March 15, 2001
Contact: Lucas Hamilton
State securities regulators take action against payphone schemes Losses estimated at $76 million
Securities regulators in 26 states including Montana participated in a crackdown on individuals and companies that promised high returns from risky or fraudulent investments in pay telephones. They have identified nearly 4,500 people, most of them elderly, who lost an estimated $76 million investing in so-called coin-operated customer-owned telephones. As more states analyze complaints and open investigations, regulators expect losses to rise dramatically.
"We're seeing the tip of what's likely to be a very large iceberg," said Morrison, Montana's Securities Commissioner. "We expect to see losses totaling hundreds of million of dollars."
In a typical pay telephone scheme a company, through a middleman, sells payphones to investors for between $5,000 and $7,000, Morrison said. As part of the sale, the company agrees to lease back and service the phones, usually for a fee. Investors are promised annual returns of up to 15 percent. Interest payments, if they are made at all, are often just enough to keep previous investors on board, he said.
For example, Georgia-based ETS Payphones, founded in 1994, sold nearly 50,000 payphones nationwide. According to a federal district court opinion, ETS continually sought new investors because "revenue from payphone operations never covered operating expenses." During the first six months of 2000, ETS' losses exceeded $33 million.
Montana's Securities Commissioner issued a cease and desist order in October 1999 against Phoenix Telecom of Georgia and Texas and Tri-Financial Group of Michigan. Montanans, including many retired individuals, invested approximately $901,000 in the payphone scheme. Local salespeople sold the program as a "no-risk, sure thing" and told investors that their money would be safe and liquid.

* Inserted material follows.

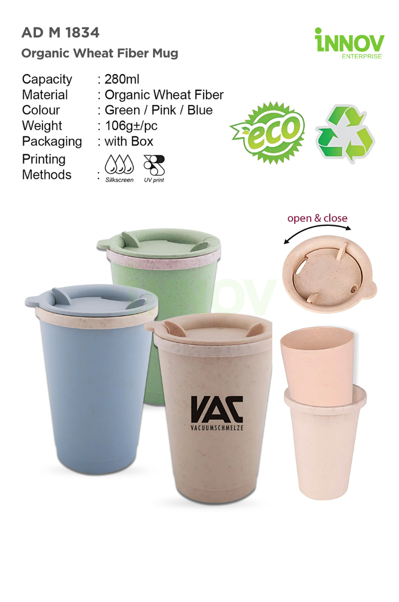 Order Now! Show your brand’s commitment to sustainability by custom-printing your logo on the AD M 1834 Organic Wheat Fiber Mug. With its sleek design and practical use, it’s a promotional product your recipients will use—and remember—every day. Add to quote or contact us today for a free consultation and no-obligation quotation!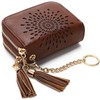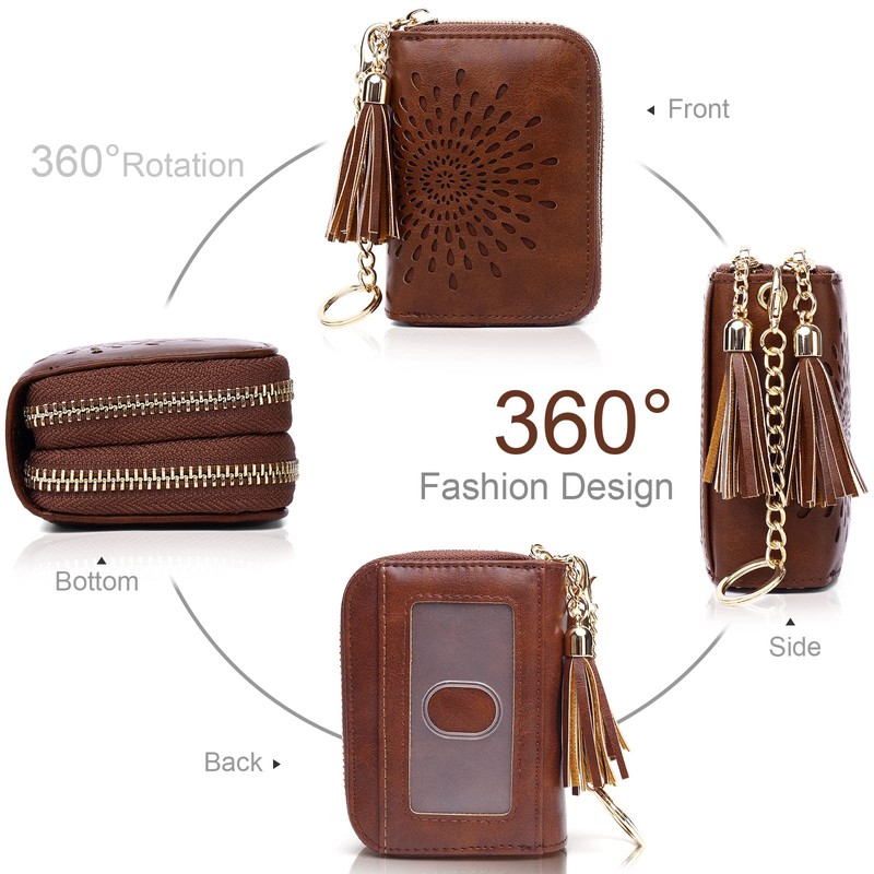 APHISON Credit Card Holder for Women RFID Blocking Card Case Ladies Small Wallets Zipper Purse 10 Slots Accordion Hollow Out Sunflower Tassels with ID Windows 1942COFFEE

"Simply put, the programs appear to have been nothing but Ponzi schemes, recruiting new money to make interest payments to investors," Morrison said.
Morrison urged investors to ask the following questions before purchasing any investment:
Does the investment meet your personal investment goals? Whether you are investing for long-term growth, investment income or other reasons, an investment should match your own investment goals;
Is it too good to be true? Use common sense and get a professional, third party opinion when presented with investment opportunities that seem to offer unusually high returns in comparison to other investment options. Pie-in-the-sky promises often signal investment fraud;
Has the seller given you written information that fully explains the investment? The documentation should contain enough clear and accurate information to allow you or your adviser to evaluate and verify the particulars of the investment.